We’re getting more spam, but we’re also becoming more receptive to e-mail from marketers we recognize and permit. That’s the top-line result of DoubleClick’s fifth annual Consumer E-mail Study, unveiled this week.
The study indicates that the increase in e-mail usage found in past surveys has continued. Today, 81% of consumers say they send and receive e-mail several times a day; 33% say they use it constantly throughout the day, an increase from 20% who said so last year. The DoubleClick survey reports that the average consumer gets 308 e-mails per week and calls 62% of that traffic “spam”.
Permission-based e-mails — those which consumers have opted to accept from retailers or their affiliates — account for about 8% of e-mail received. Despite the rising tide of spam, the average respondent reported opening about 60% of the permission-based e-mails received.
These can involve order confirmations and shipping transactions. Ninety-five percent of consumers in the DoubleClick survey said they expected to receive the former when buying online, and 90% expected to get the latter. Fifty-seven percent of consumers reported receiving permission-based e-mail from online retailers, while 55% got it from brick-and-mortar merchants and 45% from catalog vendors.
Additionally, 65% of consumers said they now receive their monthly bank statements by e-mail, and 54% get other bills and statements that way. When asked what bills they’d like to receive via e-mail but do not yet get, 18% of respondents identified utility and auto insurance bills, and 16% cited home insurance.
And merchants who avoid using e-mail for customer acquisition because of spam fears may be missing a good bet. The DoubleClick survey also found that 52% of consumers said they were interested in offers for related products from their permitted retailers, while 47% said they would be interested in membership rewards programs and 41% in sweepstakes.
But as the 60% open rate even for permit-based e-mail indicates, consumers are sensitive to spam even from their permitted retailers. As in past DoubleClick surveys, respondents once again cited deceptiveness, unknown senders and offensive content as the top three reasons to label e-mail as “spam”. But irrelevant e-mail (57%) or too-frequent e-mail (58%) can also make consumers feel spammed, even when the e-mail comes from permitted retailers. And more than one third (38%) of consumers told DoubleClick they feel spammed if the retailer to whom they gave permission tries to give them a “hard sell”.
What happens to the messages consumers consider spam?

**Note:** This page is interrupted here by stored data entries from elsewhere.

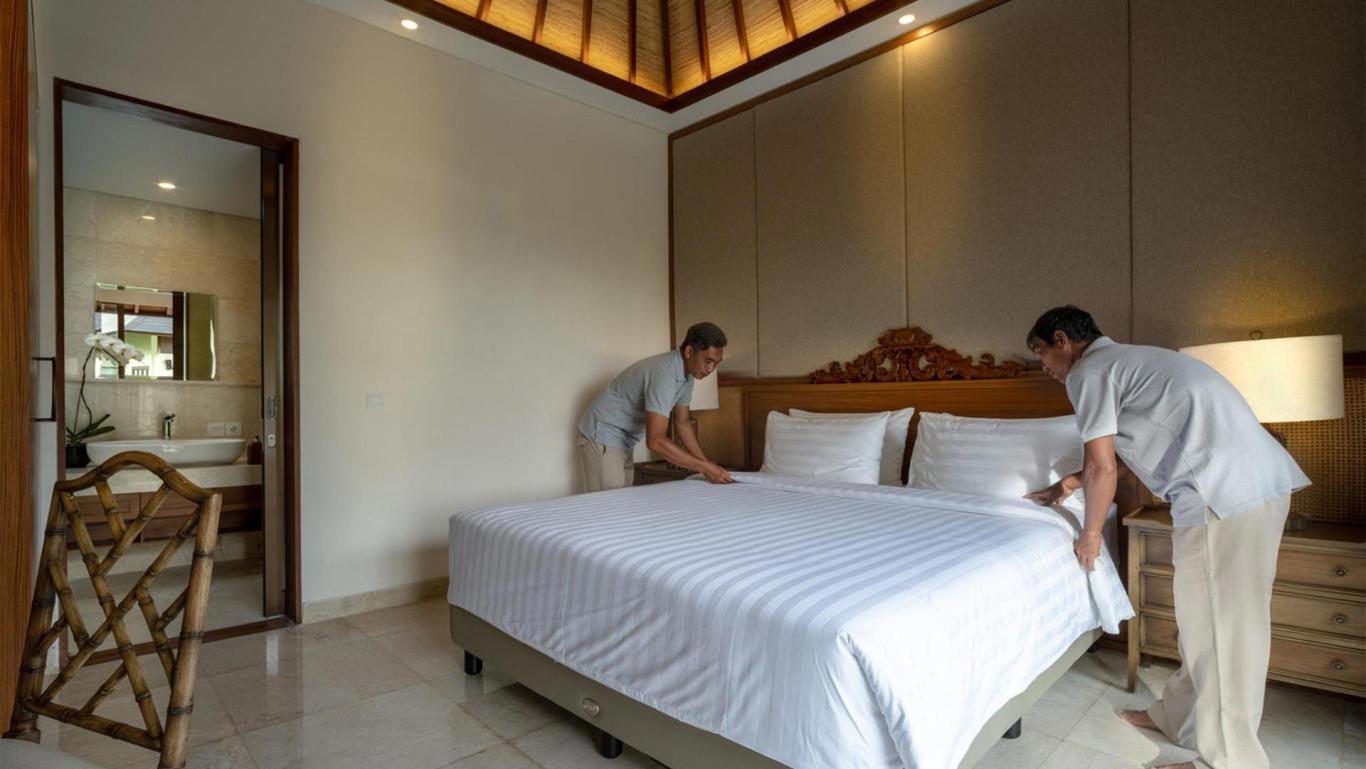 Ample et élégante, Villa Kailasha s’impose comme une des villas les plus prestigieuses de la côte de Tabanan. Dominant la mer, elle propose des volumes généreux et un art de vivre balinais raffiné où le confort moderne se mêle aux influences locales. Les neuf chambres, réparties dans plusieurs pavillons, permettent une intimité parfaite tout en favorisant la convivialité des espaces communs.
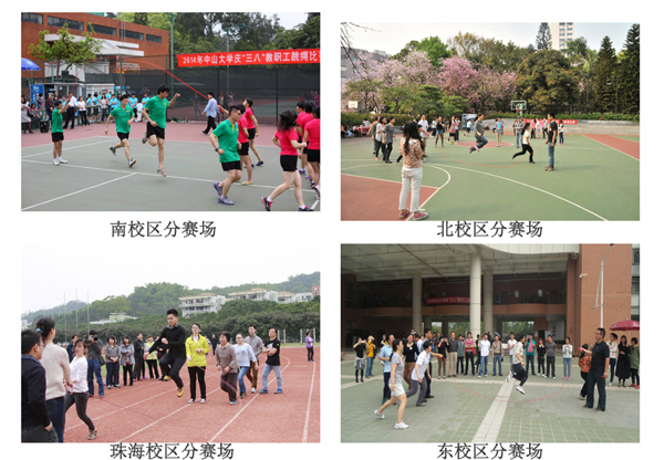 比赛现场一片欢腾,整齐的跳跃,嘹亮的口号,飞快的绳子,围观群众都不由自主地呐喊、加油。经激烈角逐,珠海校区的附属五院工会夺得短绳和长绳项目的双料冠军;东校区的短绳和长绳项目冠军分别由药学院分工会和机关分工会夺得;北校区的短绳和长绳项目冠军分别由中山眼科中心工会和附属第六医院工会夺得;南校区的短绳和长绳项目冠军分别由高等继续教育学院直属部门工会和后勤集团分工会夺得。本次活动得到各单位的大力支持同时深受教职工的喜爱,校工会向所有参与活动的教职工表示由衷的感谢!
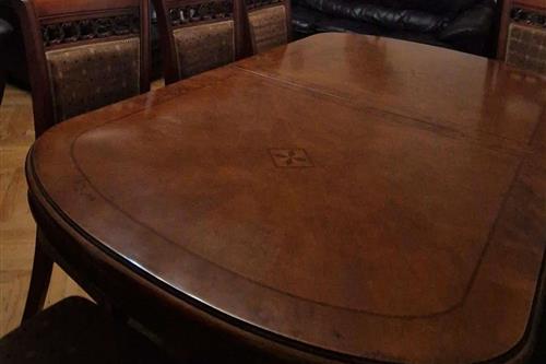სავარძლები კლასიკური სტილისაა და რბილი, მუქი შინდისფერი ხავერდით არის გადაკრული. ფეხები ჩუქურთმებული მასიური ხისგანაა.
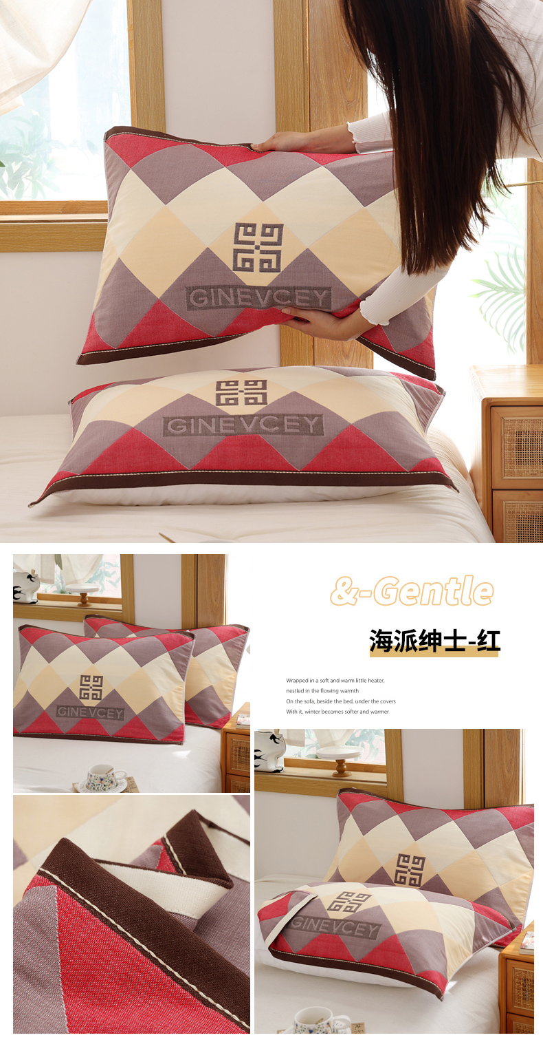 当前位置: 91家纺网 > 商品网购 > 床上用品 > 枕巾垫巾 > 朴尔家纺-毛巾被 2026新款格致系列全棉纯棉加厚六层纱布枕巾 海派绅士-红
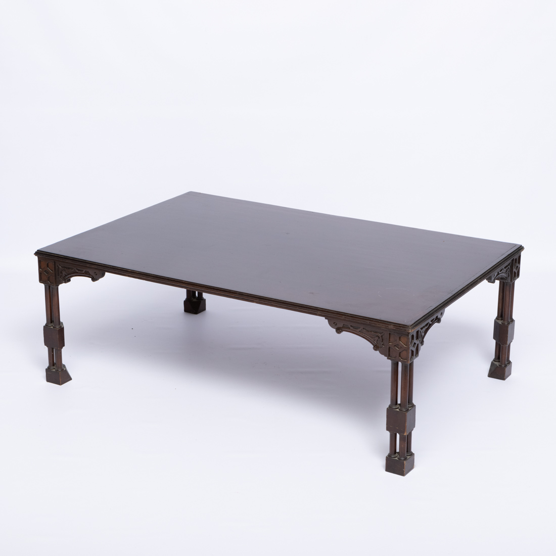 Em mogno e folheada a mogno com entalhamentos, pernas simulando cana. Sinais de uso e pequenos defeitos.

It isn’t pretty. Seventy-two percent of consumers just delete them. Almost two-thirds — 64% — now use bulk e-mail folders, up from 59% in 2003; and 77% says they never or rarely check those folders to make sure they don’t contain some wanted e-mail. Forty-nine percent of respondents said they use the “report spam” features from their service provider or e-mail program, a big increase over last year’s 39%. All told, only 7% of spam messages get opened, and 69% of consumers say they open only 1% to 10% of the spam they receive.